At least some examples provide a method of manufacturing a composite tube for a truss structure, comprising: fitting plug portions at each end of a tubular mandrel made from soluble material, each plug portion comprising a fastening hole for receiving a fastener, wherein the fastening hole is oriented substantially parallel to a longitudinal axis of the mandrel; laying wall material for forming the composite tube against sides of the mandrel and the plug portions; co-bonding the wall material and the plug portions during curing of the wall material to form a composite tube comprising the plug portions inside each end of the tube; and removing the mandrel with a solvent.
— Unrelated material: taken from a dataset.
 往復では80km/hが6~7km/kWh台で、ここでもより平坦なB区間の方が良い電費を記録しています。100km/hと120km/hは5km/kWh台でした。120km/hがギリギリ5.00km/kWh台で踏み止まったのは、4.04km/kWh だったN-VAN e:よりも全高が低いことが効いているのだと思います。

Further aspects, features and advantages of the present technique will be apparent from the following description of examples, which is to be read in conjunction with the accompanying drawings, in which:

Figure 1 schematically illustrates a cycle frame, which is an example of a truss structure comprising nodes linked by tubes;

Figure 2 schematically illustrates a first example of a joint between a replaceable tube and a node using a removable fastener;

Figure 3 shows a second example of a joint between a replaceable tube and a node, in which an outer tubular portion of an insert for receiving the fastener has a tapered thickness;

Figure 4 is a graph schematically illustrating variation in induced stress along the length of an adhesive bond between the insert and the replaceable tube;

Figures 5 to 8 illustrate a method of co-bonding a composite insert to a composite tube;

Figure 9 shows a composite tube comprising the co-bonded insert; and

Figures 10 and 11 illustrate fastening of the tube of Figure 9 to a node.
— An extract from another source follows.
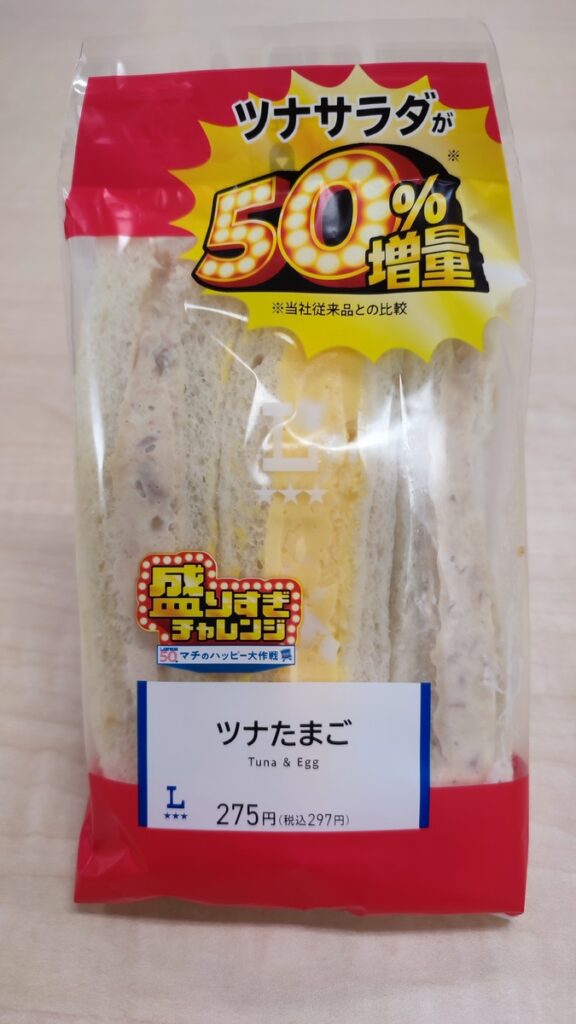 肝心のサンドイッチはツナサラダが50%増量とのこと。

Example arrangements are below. It will be appreciated that the invention is not limited to these particular examples.

Truss structures can be weight efficient solutions for structures such as cycle frames and vehicle chassis. In a truss structure comprising a number of nodes connected by tubes, the tubes are typically joined to the nodes by adhesive bonding. However, adhesive bonding is a one-way operation in that it is typically impractical to reverse the bond after it has been made, and so if one tube of the truss is damaged (e.g. by impact), then typically the whole assembly has to be written off and replaced with a new structure.

In the truss structure discussed in this application, at least one of the tubes is a replaceable tube which comprises a plug portion inside each end of the replaceable tube. Each end of the replaceable tube is fastened to a corresponding adjacent node by a removable fastener passing into a fastening hole in the plug portion, where the fastening hole is oriented substantially parallel to a longitudinal axis of the tube. Given the general desire to make the bonds between the nodes and tubes as strong as possible to provide a robust structure, it may seem counterintuitive to provide a joint which can be unfastened, but surprisingly a removable fastening can be provided without significantly impacting on the structural properties of the truss structure. By joining the replaceable tube to the adjacent nodes using removable fasteners which can be undone, then if the tube is damaged it can be replaced with a new one without needing to replace the whole assembly, which reduces maintenance costs.

Using a fastening hole which is oriented substantially parallel to a longitudinal axis of the tube is preferable to a fastener which is aligned to pass transversely through the tube, because the fastener can simply pass into the end of the tube, rather than needing a hole in the wall of the tube (which would have a greater impact on the structural properties of the tube). The fastening hole need not be exactly parallel to the longitudinal access and could be offset a little from the longitudinal axis (e.g. by less than 10 degrees for example). In general, “substantially parallel” therefore means sufficiently parallel that the fastener can enter the open end of the tube and pass into the fastening hole in the plug portion without passing through the wall of the tube. However, manufacture of the node and the plug portion at the end of the tube, and insertion of the fastener, may be simplest if the fastening hole is oriented exactly parallel to the longitudinal axis of the tube.

While the orientation of the fastening hole may be parallel to the longitudinal axis of the tube, it is not essential for the fastening hole to be exactly aligned with the longitudinal axis of the tube - it is possible to offset the fastening hole from the longitudinal axis of the tube. However, manufacture and fastening may be simpler if the hole is also aligned with the longitudinal axis, since this enables the plug portion to be formed by turning for example, and makes it easier to locate the fastening hole when fastening the fastener since its position relative to the node would not depend on the rotational orientation of the tube.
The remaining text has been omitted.